Currently, physicians rely on information such as the stage and grade of a tumour, along with biomarker assays, to predict a patient’s likely outcome and the most appropriate treatments. The drawback of this approach is that it requires multiple biopsies of the tumour and the surrounding lymph nodes, with associated pain for the patients and the potential for procedure-related complications. The recent identification of multiple genes linked with the prognosis of various types of cancers is a significant step towards increasing the reliability of patient outcome predictions, as well as the development of more sensitive biomarker-based tests. These advances have been incorporated into the OBD biomarker platform, providing a non-invasive, rapid test that identifies and stratifies aggressive tumours through deregulation of key genes.

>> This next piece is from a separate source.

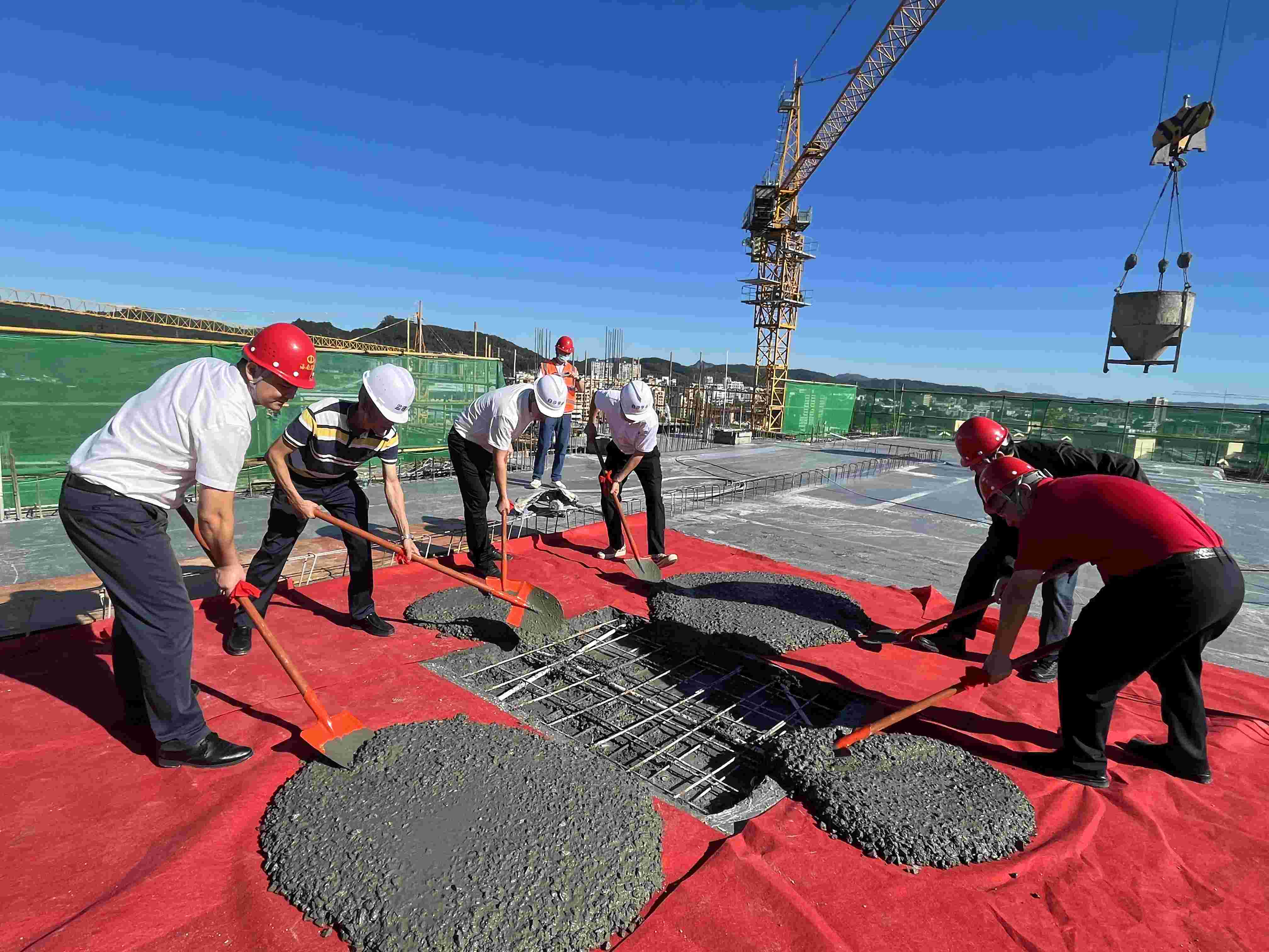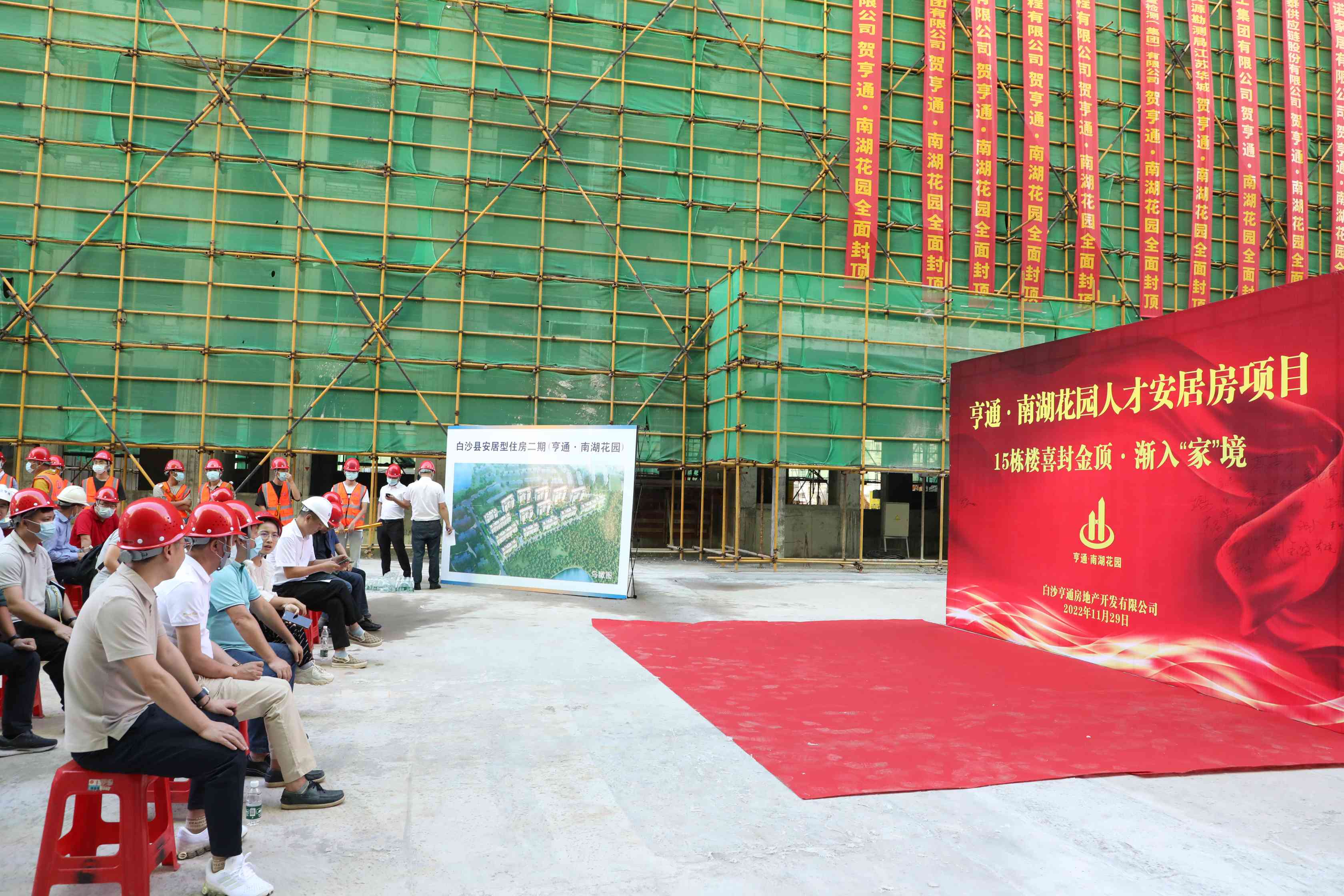 為了貫徹落實(shí)黨的二十大精神,加快推進(jìn)白沙重點(diǎn)民生工程建設(shè),致力于打造宜居新生活,2022年11月29日,由海南萬泰建筑工程有限公司承建的省重點(diǎn)安居房項(xiàng)目——白沙亨通·南湖花園項(xiàng)目主體結(jié)構(gòu)全面封頂儀式圓滿舉行。白沙縣住建局、審批局、資規(guī)局、不動(dòng)產(chǎn)中心及融媒體中心相關(guān)負(fù)責(zé)人,亨通安居集團(tuán)董事長周金華,萬泰公司副總經(jīng)理張宇、工程部部長侯領(lǐng)等有關(guān)人員參加本次封頂儀式,一同見證這一喜慶時(shí)刻。儀式由亨通安居集團(tuán)經(jīng)理冼繼利主持。

Automation has proved highly beneficial to epigenetic biomarker research, providing the flexibility to change between assays as and when required, and allowing straightforward scale-up for efficient and cost-effective high throughput applications. This ensures that novel biomarker technology is a viable proposition for a broad range of laboratories with very varied throughput demands, offering a highly-effective means of developing new products for applications in diseases and chronic conditions associated with aberrant gene expression, such as oncology, inflammatory, metabolic, cardiovascular and neurodegenerative conditions. The reproducibility and throughput offered by automation are vital, enabling a greater number of projects to be undertaken than would otherwise be possible and helping to deliver the correct drugs to the correct patients, more rapidly.
Dr Alexandre Akoulitchev read mathematics, physics, chemistry, biochemistry and biophysics at the Moscow Institute of Physics and Technology and subsequently obtained a PhD in cell biology from University College London. After a period in the USA, he established a research laboratory at the Sir William Dunn School of Pathology, University of Oxford. Alexandre is Chief Scientific Officer at Oxford BioDynamics.
Dr Howard Womersley studied microbiology at the University of Glasgow before taking up a research post at the Department of Neuroimmunology, King’s College London. He was awarded a DPhil from the University of Oxford, and joined Oxford BioDynamics in 2008 following postdoctoral research at the Sir William Dunn School of Pathology. Howard is now Associate Director, Platform Development, at Oxford BioDynamics.
Dr Philip Jordan read molecular and cellular biochemistry at The Queens College, University of Oxford. He obtained his DPhil in microbiology and molecular biology at the Sir William Dunn School of Pathology, University of Oxford, in 2007, and then undertook postdoctoral research into Neisseria before joining Oxford BioDynamics, where he is Chief Operating Officer.